Create Regression Table

Show code
tbl <- tbl_regression(
  prelim.final.model,
  intercept = TRUE,
  label = list(
    study_hours ~ "Study hours (hours/day)",
    sleep_hours ~ "Sleep hours (hours/day)",
    stress_level ~ "Stress level (score)",
    `study_hours:stress_level` ~ "Study hours × Stress level"
  )
)

Add model fit metrics and formatting

Show code
tbl_final <- tbl %>%
  add_glance_source_note(include = c("r.squared", "adj.r.squared", "AIC")) %>%
  bold_labels() %>%
  bold_p(t = 0.05) %>%
  modify_header(estimate ~ "**Adj. beta**") %>%
  modify_table_body(
    ~ .x %>%
      mutate(
        label = case_when(
          label == "study_hours" ~ "Study hours (hours/day)",
          label == "sleep_hours" ~ "Sleep hours (hours/day)",
          label == "stress_level" ~ "Stress level (score)",
          label == "study_hours:stress_level" ~ "Study hours × Stress level",
          TRUE ~ label
        )
      )
  )

Convert to gt and apply styling

Show code
tbl_final %>%
  as_gt() %>%
  tab_header(
    title = "Final Multiple Linear Regression Model",
    subtitle = "Predictors of Exam score"
  )
Final Multiple Linear Regression Model
Predictors of Exam score
Characteristic Adj. beta 95% CI p-value
(Intercept) 56 47, 65 <0.001
Study hours (hours/day) 3.5 2.5, 4.4 <0.001
Sleep hours (hours/day) 2.3 1.4, 3.3 <0.001
Stress level (score) -2.1 -3.1, -1.1 <0.001
Study hours (hours/day) * Stress level (score) 1.6 1.4, 1.7 <0.001
Abbreviation: CI = Confidence Interval
R² = 0.984; Adjusted R² = 0.983; AIC = 591

Interpretation:

  1. Main Effects The model reveals that both study duration and sleep duration are significant positive predictors of academic performance. Holding all other variables constant: Study Hours: Each additional hour of study per day is associated with a 3.5-point increase in exam scores (\(p < 0.001\)). Sleep Hours: Each additional hour of sleep is associated with a 2.3-point increase in scores (\(p < 0.001\)). Stress Level: Conversely, stress level is a significant negative predictor; for every one-unit increase in the stress score, exam performance is expected to decrease by 2.1 points (\(\beta = -2.1, p < 0.001\)).
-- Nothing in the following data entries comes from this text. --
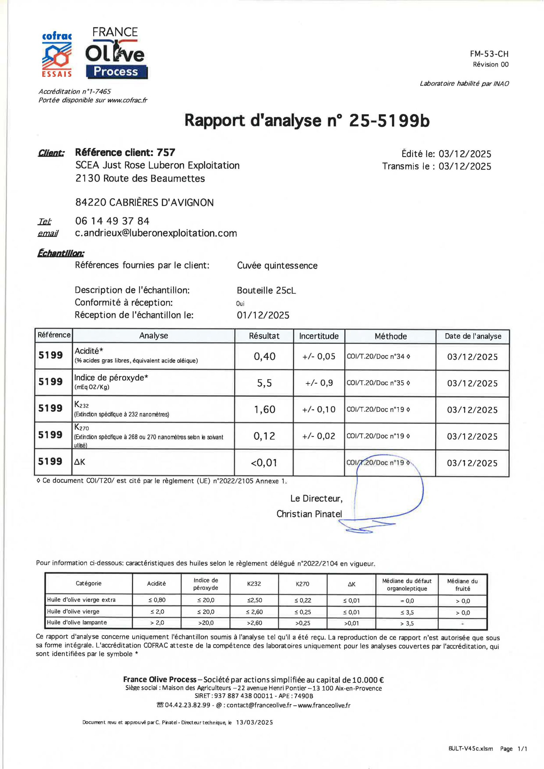 Chaque récolte du Domaine est soumise à des analyses complètes réalisées par le Centre Technique de l’Olivier à Aix en Provence.
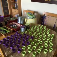 Il y a 3591 joursEt voilà j'ai peint tous les pots en terre cuite aux couleurs de mon mariage. J'ai déjà fait 30 boules d'hortensia il m'en reste 90... J'en fait environ 5 tous les jours mais j'avoue faire d'autres choses pour varier les plaisirs
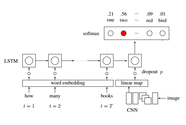 - The LSTM+VIS model is defined in vis_lstm.py. The input tensors for training are fc7 features, Questions(Word indices upto 22 words), Answers(one hot encoding vector of size 1000). The model depicted in the figure is implemented with 2 LSTM layers by default(num_layers in configurable).

  2. Interaction Effect Crucially, the analysis identified a significant positive interaction between study hours and stress levels (\(\beta = 1.6, p < 0.001\)). This suggests that the relationship between study hours and exam performance is moderated by the student’s stress level.Specifically, the positive coefficient for the interaction term indicates that the beneficial effect of studying on exam scores becomes more pronounced as stress levels increase, or conversely, that increased study time may help mitigate the negative impact of high stress on performance.

  3. Model Robustness The intercept of 56 represents the predicted exam score when all continuous predictors are at zero. The narrow 95% confidence intervals and the high \(R^2\) value suggest that the model is highly stable and possesses strong predictive power within the context of this dataset.

Conclusion

In conclusion, our multiple linear regression analysis identified study hours, sleep hours, and stress level as significant predictors of exam scores. The interaction between study hours and stress level further highlighted the complex relationship affecting academic performance. The final model demonstrated good fit and robustness, providing valuable insights for students aiming to optimize their study habits and manage stress effectively. Future research could explore additional factors influencing exam performance to further enhance predictive accuracy.